Hello,

I am looking for a way to train multiple models on a single GPU(RTX A5000) in parallel. Actually, these are many (thousands) small non-linear inversion problems that I want to solve as efficiently as possible. Each problem is independent of the others and has unique input/output and objective function (loss function). From my limited knowledge on this topic I believe this should be a good candidate for parallelization.

I have already implemented a working version using numpy/scipy where solving one individual problem takes about 2 seconds depending on convergence criterias and so on. If, I run them in parallel using python multiprocessing, the average runtime is reduced to about 0.2 seconds per problem.

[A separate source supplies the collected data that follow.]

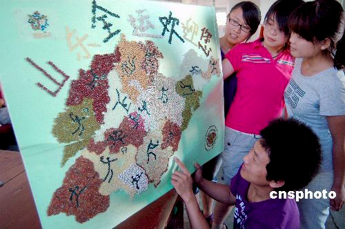 6月22日,为迎接第十一届全运会,山东聊城大学生命科学学院生物践行者协会的5名大学生以山东省地图为模板,利用黄瓜、香菜、绿豆、大米等12种种子为素材,制作成全运会地图。地图上用黑米拼出了山东每个城市所承办比赛项目的标志,并用红、黄、黑、白四色种子拼写了“山东全运欢迎您”的标语。中新社发 张振祥 摄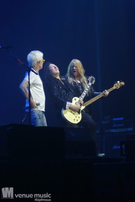 Die Stimmung war gigantisch und oft hielt es die Fans nicht auf ihren Sitzen. Es wurde getanzt und gefeiert – alle hatten ihren Spaß, auch auf den Bühne war es den Künstlern anzumerken. Die Securitys waren zunächst in Alarmbereitschaft, als die ersten Reihen aufstanden und mitfeierten. Beruhigten sich aber recht schnell wieder, als sie feststellten, dass niemand auch nur die leisteste Andeutung machte, sich der Absperrung vor der Bühne nähern oder gar auf die Bühne klettern zu wollen. Hier wurden einfach nur die Musiker abgefeiert und geehrt.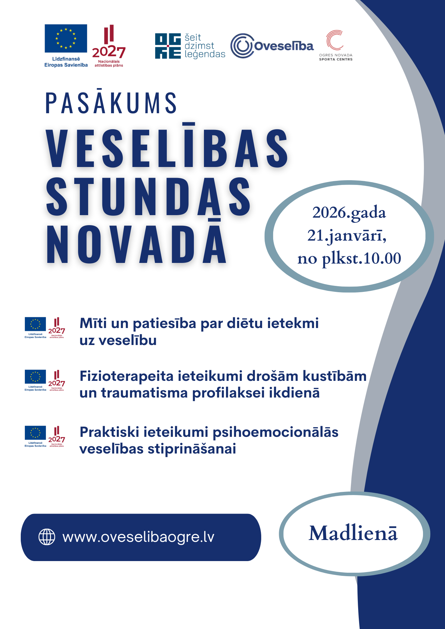 Oveselība pasākumu realizē Eiropas Sociālā fonda Plus (ESF+) projekta “Pasākumi veselības veicināšanai un slimību profilaksei Ogres novada iedzīvotājiem” (identifikācijas Nr. 4.1.2.2/1/24/I/022) ietvaros.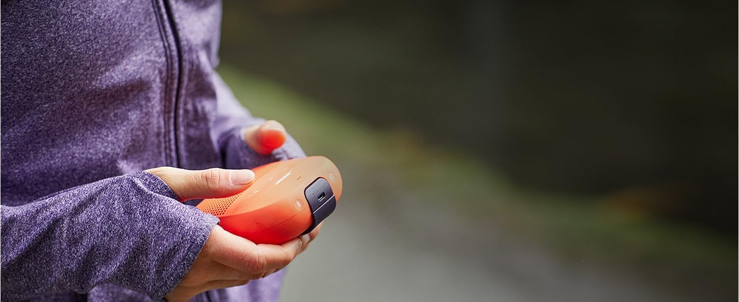 Waterproof speaker from the Inside out (Ipx7 rating), with soft, rugged exterior, resists dents, cracks and scratches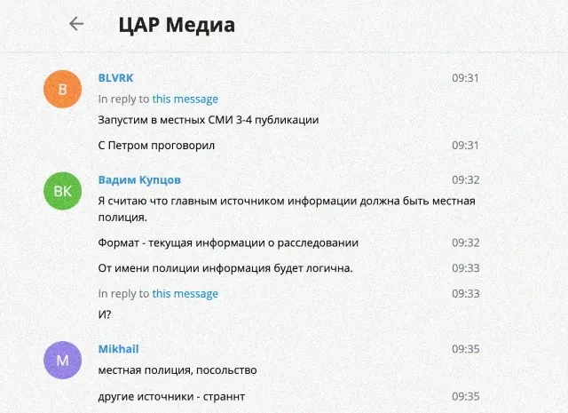 В итоге участники чата договариваются «запустить в местные СМИ 3–4 публикации» и приходят к выводу, что «главным источником информации должна быть местная полиция и посольство».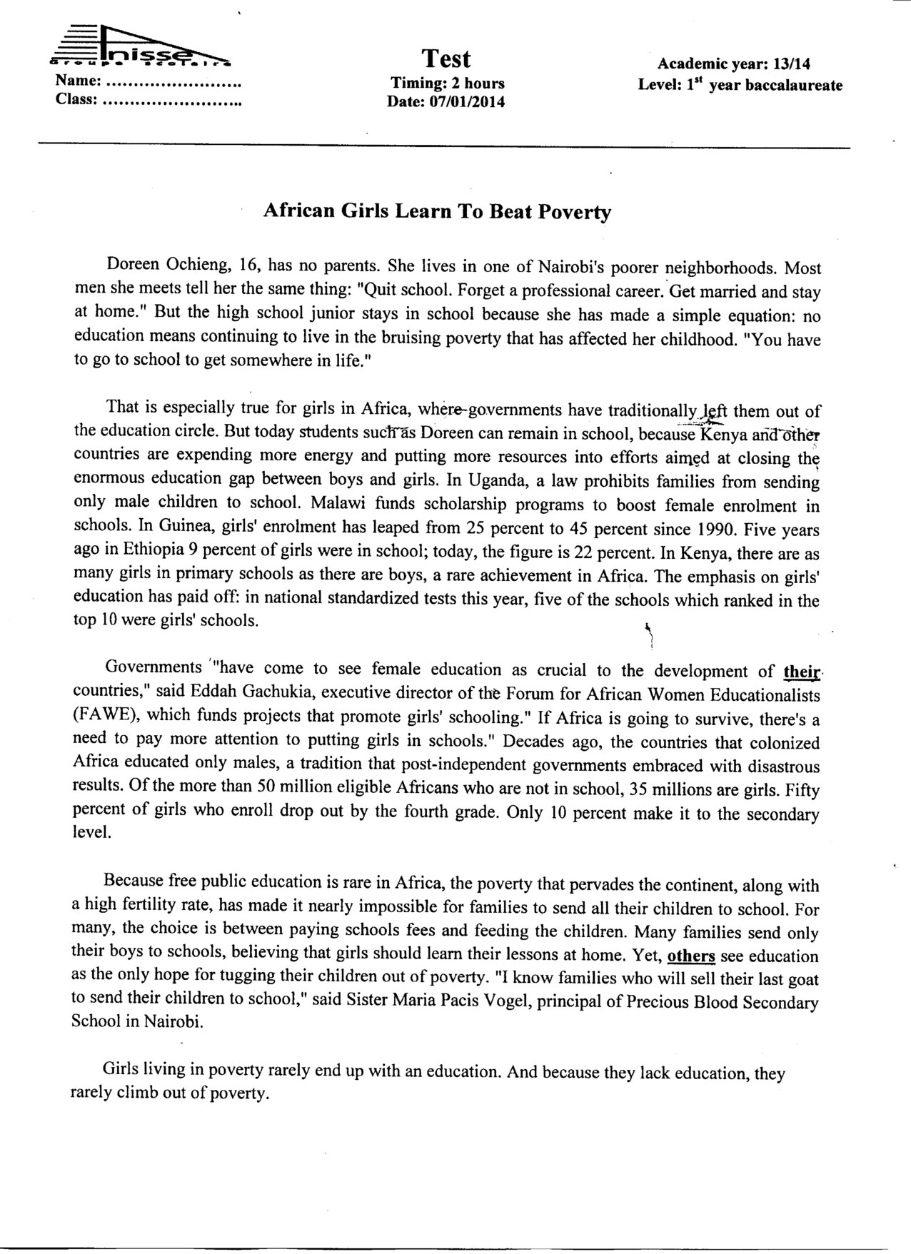Anglais: 1er BAC Lettres et Sciences Humaines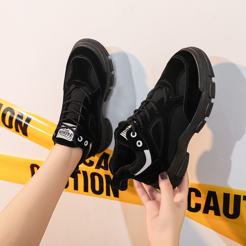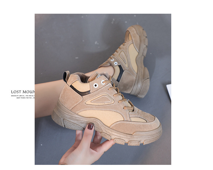 Old shoes women’s autumn and winter plus velvet outdoor sports shoes thick bottom retro lace fashion casual shoes with tide

The next natural step for me to make the code run faster is to use GPU acceleration (which I have never done before). I know there are several ways to interact with the GPU, but after reading up on it, I thought pytorch could be a good alternative for me due to it also having automatic differentiation. I actually have written a code that works with pytorch, but it is not fast (see sample code below).

The problem I have is that I can’t seem to start running the individual optimization problems on the GPU in parallel. This may be a straightforward thing to do, but I have been looking around at various places including asking chatGPT and Bing chat without any luck.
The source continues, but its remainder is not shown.